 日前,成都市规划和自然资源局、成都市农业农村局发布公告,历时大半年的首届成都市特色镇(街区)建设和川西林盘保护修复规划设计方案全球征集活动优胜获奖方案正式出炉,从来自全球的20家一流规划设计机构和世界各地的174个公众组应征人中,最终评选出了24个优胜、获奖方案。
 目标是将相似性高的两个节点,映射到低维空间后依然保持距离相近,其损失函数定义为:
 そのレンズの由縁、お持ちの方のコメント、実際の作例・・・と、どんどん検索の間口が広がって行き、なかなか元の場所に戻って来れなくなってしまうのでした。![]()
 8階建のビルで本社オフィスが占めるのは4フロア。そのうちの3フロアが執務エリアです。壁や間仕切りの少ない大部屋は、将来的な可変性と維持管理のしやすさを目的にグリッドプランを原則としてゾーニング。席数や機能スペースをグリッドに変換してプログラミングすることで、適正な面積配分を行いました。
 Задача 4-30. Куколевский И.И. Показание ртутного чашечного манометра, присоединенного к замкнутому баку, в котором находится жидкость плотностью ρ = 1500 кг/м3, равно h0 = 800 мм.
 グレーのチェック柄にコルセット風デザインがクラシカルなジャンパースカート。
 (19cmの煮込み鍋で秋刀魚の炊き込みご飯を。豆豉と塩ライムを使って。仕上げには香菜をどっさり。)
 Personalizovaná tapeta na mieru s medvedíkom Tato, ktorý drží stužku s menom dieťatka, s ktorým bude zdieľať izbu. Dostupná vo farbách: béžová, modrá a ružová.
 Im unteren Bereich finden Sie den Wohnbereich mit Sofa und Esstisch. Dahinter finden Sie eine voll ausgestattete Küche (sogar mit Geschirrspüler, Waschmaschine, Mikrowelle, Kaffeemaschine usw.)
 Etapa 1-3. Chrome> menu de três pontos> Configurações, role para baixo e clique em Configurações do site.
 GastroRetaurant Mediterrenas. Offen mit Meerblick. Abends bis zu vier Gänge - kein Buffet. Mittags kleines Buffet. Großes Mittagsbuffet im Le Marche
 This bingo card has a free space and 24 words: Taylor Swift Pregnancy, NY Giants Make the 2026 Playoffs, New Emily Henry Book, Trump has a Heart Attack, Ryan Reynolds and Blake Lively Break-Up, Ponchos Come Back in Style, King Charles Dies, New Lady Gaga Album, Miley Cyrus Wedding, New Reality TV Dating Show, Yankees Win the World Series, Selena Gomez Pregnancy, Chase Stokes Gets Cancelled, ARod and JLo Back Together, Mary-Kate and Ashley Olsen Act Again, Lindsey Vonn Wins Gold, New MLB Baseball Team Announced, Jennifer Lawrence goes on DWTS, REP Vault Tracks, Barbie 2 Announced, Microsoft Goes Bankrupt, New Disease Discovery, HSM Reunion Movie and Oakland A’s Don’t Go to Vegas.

### [Directions for this task]
Reproduce the data above in full. Leave nothing out.

### [Response box]
 日前,成都市规划和自然资源局、成都市农业农村局发布公告,历时大半年的首届成都市特色镇(街区)建设和川西林盘保护修复规划设计方案全球征集活动优胜获奖方案正式出炉,从来自全球的20家一流规划设计机构和世界各地的174个公众组应征人中,最终评选出了24个优胜、获奖方案。
 目标是将相似性高的两个节点,映射到低维空间后依然保持距离相近,其损失函数定义为:
 そのレンズの由縁、お持ちの方のコメント、実際の作例・・・と、どんどん検索の間口が広がって行き、なかなか元の場所に戻って来れなくなってしまうのでした。![]()
 8階建のビルで本社オフィスが占めるのは4フロア。そのうちの3フロアが執務エリアです。壁や間仕切りの少ない大部屋は、将来的な可変性と維持管理のしやすさを目的にグリッドプランを原則としてゾーニング。席数や機能スペースをグリッドに変換してプログラミングすることで、適正な面積配分を行いました。
 Задача 4-30. Куколевский И.И. Показание ртутного чашечного манометра, присоединенного к замкнутому баку, в котором находится жидкость плотностью ρ = 1500 кг/м3, равно h0 = 800 мм.
 グレーのチェック柄にコルセット風デザインがクラシカルなジャンパースカート。
 (19cmの煮込み鍋で秋刀魚の炊き込みご飯を。豆豉と塩ライムを使って。仕上げには香菜をどっさり。)
 Personalizovaná tapeta na mieru s medvedíkom Tato, ktorý drží stužku s menom dieťatka, s ktorým bude zdieľať izbu. Dostupná vo farbách: béžová, modrá a ružová.
 Im unteren Bereich finden Sie den Wohnbereich mit Sofa und Esstisch. Dahinter finden Sie eine voll ausgestattete Küche (sogar mit Geschirrspüler, Waschmaschine, Mikrowelle, Kaffeemaschine usw.)
 Etapa 1-3. Chrome> menu de três pontos> Configurações, role para baixo e clique em Configurações do site.
 GastroRetaurant Mediterrenas. Offen mit Meerblick. Abends bis zu vier Gänge - kein Buffet. Mittags kleines Buffet. Großes Mittagsbuffet im Le Marche
 This bingo card has a free space and 24 words: Taylor Swift Pregnancy, NY Giants Make the 2026 Playoffs, New Emily Henry Book, Trump has a Heart Attack, Ryan Reynolds and Blake Lively Break-Up, Ponchos Come Back in Style, King Charles Dies, New Lady Gaga Album, Miley Cyrus Wedding, New Reality TV Dating Show, Yankees Win the World Series, Selena Gomez Pregnancy, Chase Stokes Gets Cancelled, ARod and JLo Back Together, Mary-Kate and Ashley Olsen Act Again, Lindsey Vonn Wins Gold, New MLB Baseball Team Announced, Jennifer Lawrence goes on DWTS, REP Vault Tracks, Barbie 2 Announced, Microsoft Goes Bankrupt, New Disease Discovery, HSM Reunion Movie and Oakland A’s Don’t Go to Vegas.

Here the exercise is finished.